Боб выпил еще одну чашечку за «semper fi», потом одну перед дальней дорогой, еще одну за морскую пехоту, одну — за тех, кто погиб во Вьетнаме, одну — за тех, кто погиб на Тихом океане, одну — за тех, кто остался в живых, одну — за тех, кто считает себя живым, но на самом деле мертв, и еще одну — за всю эту хренотень. Затем ему захотелось узнать, чьи это ступни приделаны к его ногам, и мальчишка-официант, ответив ему — так, как разговаривают мальчишки со взрослыми мужчинами, которые многое повидали в жизни, как говорят молодые морские пехотинцы, — подал еще одну чашечку саке. После чего, разумеется, Боб тоже угостил его, поскольку не мог поступить иначе. Потом, естественно, он захотел в туалет, и ему объяснили, как туда попасть. Отыскав нужное заведение, Боб еще раз убедился в том, что уже знал: японские туалеты пришли из научной фантастики и каким-то образом сами собой остаются идеально чистыми. Он сделал свое дело, а затем взглянул на часы, понял, что пора садиться в самолет, и направился к выходу на посадку.

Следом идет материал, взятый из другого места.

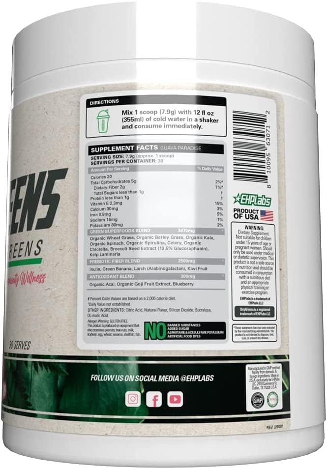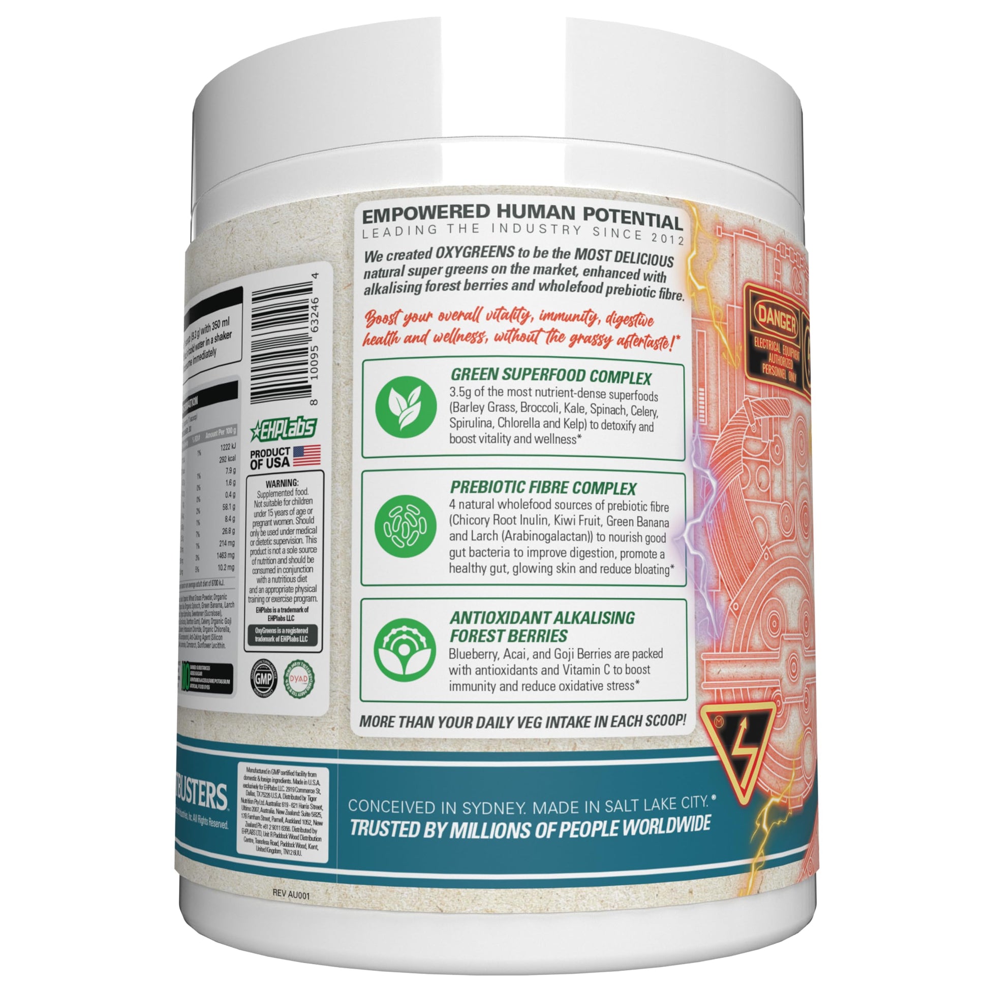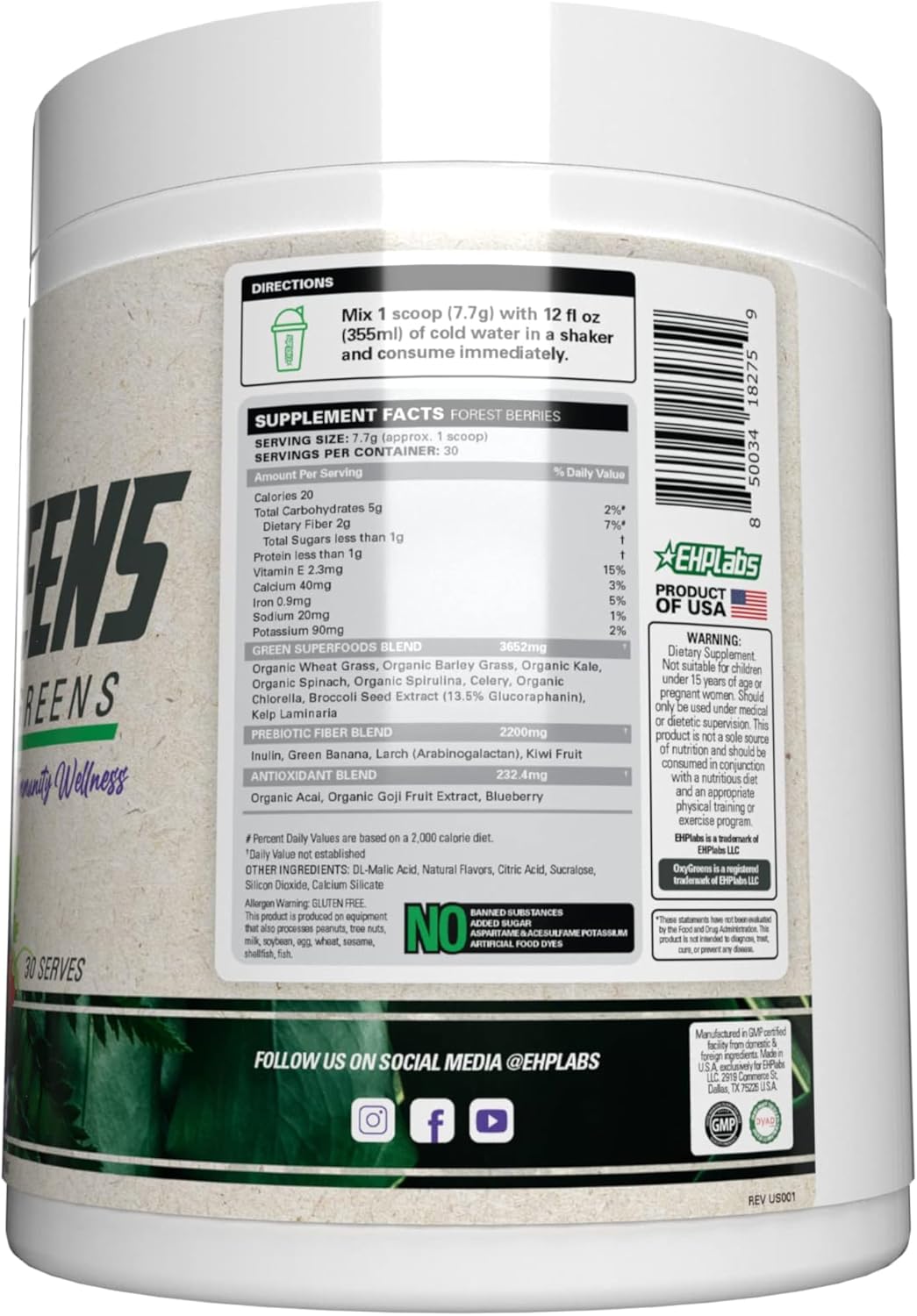 EHP Labs OxyGreens Daily Super Greens Powder - Green Superfood, Spirulina Herbal Supplement with Prebiotic Fibre, Alkalizing Antioxidants & Immunity Wellness, 30 Serves (Forest Berries)
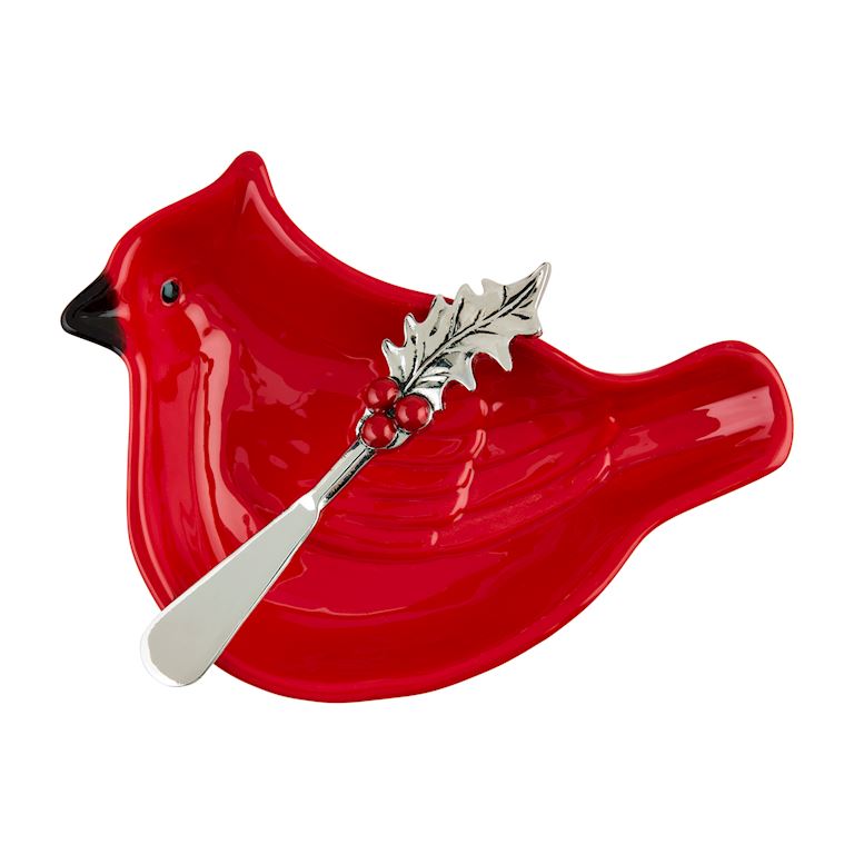 The Mud Pie Cardinal Tidbit Dish Set features a hand-painted ceramic dish paired with a metal spreader. The ceramic dish, measuring 5 1/2" x 6 1/2", is ideal for serving appetizers or small treats. Accompanied by a 5 1/2" spreader with a cast aluminum berry handle, this set combines functionality with style. The charming cardinal motif and sturdy materials make it an elegant and practical addition to any kitchen or dining area. Elevate your snack presentation with this delightful and durable tidbit dish set.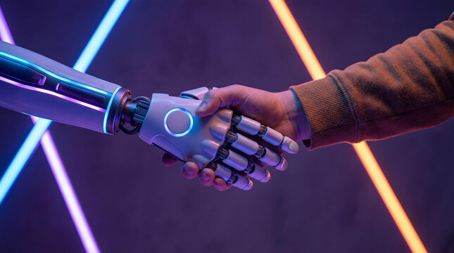 Robot and Human Handshake in Futuristic Technology Agreement - Stock Photo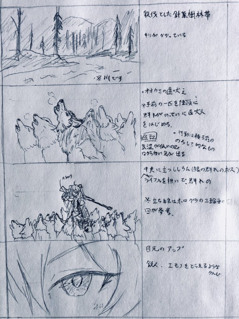 ホロオルタナティブに獅白ぼたんが出演してなかったのに納得出来なかったので、絵コンテを描いて勝手にPVに出演させてみました。 弱肉強食、殺伐とした自然界をイメージして描いた結果、ライオンなのに狼の群れを率いるボスになりました。 #勝手にホロメンオルタナティブ #hololiveALT #ししらーと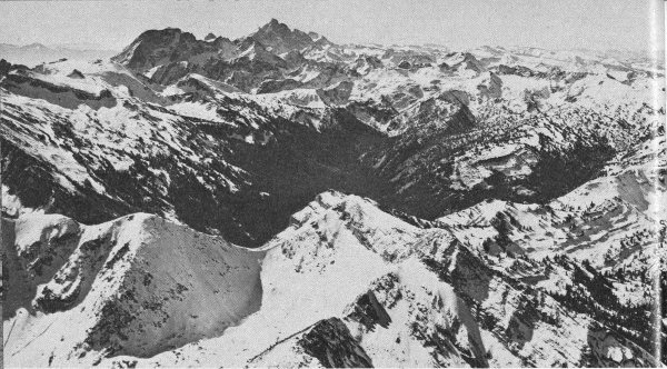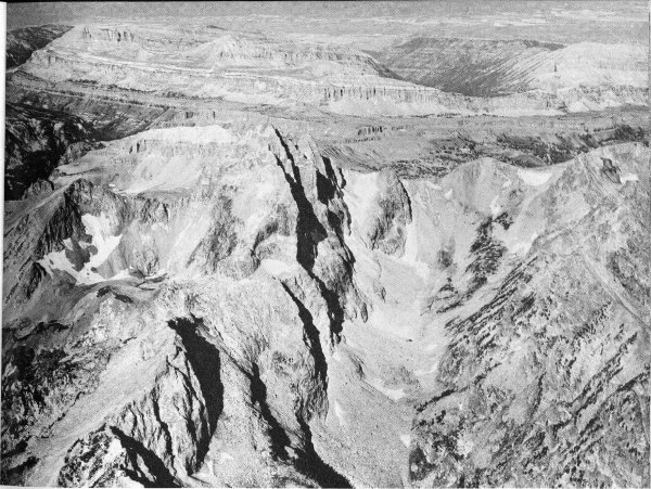 Of all those who explore the high country, it is the mountaineer who has perhaps the greatest opportunity to appreciate its geologic story. Indeed, the success of his climb and his very life may depend on an intuitive grasp of the mountain geology and the processes that shaped the peaks. He observes the most intimate details—the inclination of the joints and fractures, which gullies are swept by falling rocks, which projecting knobs are firm, and which cracks will safely take a piton. To many climbers the ascent of a peak is a challenge to technical competence, endurance, and courage, but to those endowed with curiosity and a sharp eye it can be much more. As he stands shoulder to shoulder with the clouds on some windswept peak, such as the Grand Teton, with the awesome panorama dropping away on all sides, he can hardly avoid asking how this came to be. What does the mountaineer see that inspires this curiosity? From the very first glance, it is apparent that the scenes to the north, south, east, and west are startlingly different.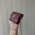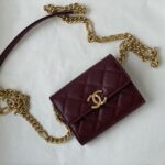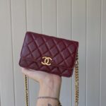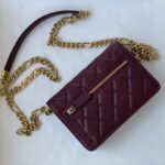 Chanel Woc Diamond Plaid Caviar Cowhide Chain Bag Wine Red With Gold 81155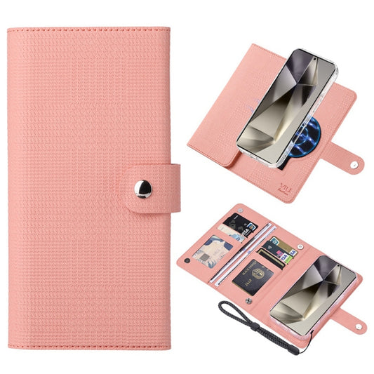 For Samsung Galaxy S24 Ultra 5G Fierre Shann Crazy Horse Card Holder Back Cover PU Phone Case(Pink)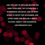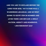 and you are to declare before the LORD your God, "My father was a wandering Aramean, and he went down to Egypt few in number and lived there and became a great nation, mighty and numerous.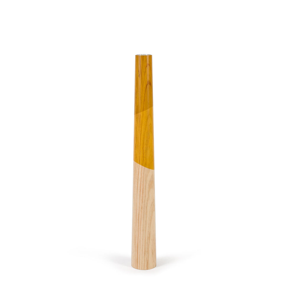 A collection of large standing wooden candle holders, ideal to give a touch of light and color to any environment. Simple and clean lines with a conical shape made of solid wood, and a design inspired by nature.

И тут Боб сделал ужасающее открытие. Как выяснилось, за то время, что он сидел в баре, здание аэропорта полностью переделали. Это был совершенно другой аэропорт, и чем упорнее Боб пытался отыскать выход на посадку, тем более незнакомым он становился. В какой-то момент Боб поймал себя на том, что страшно устал, вероятно оттого, что ему приходилось таскать чужие ступни, и решил немного отдохнуть.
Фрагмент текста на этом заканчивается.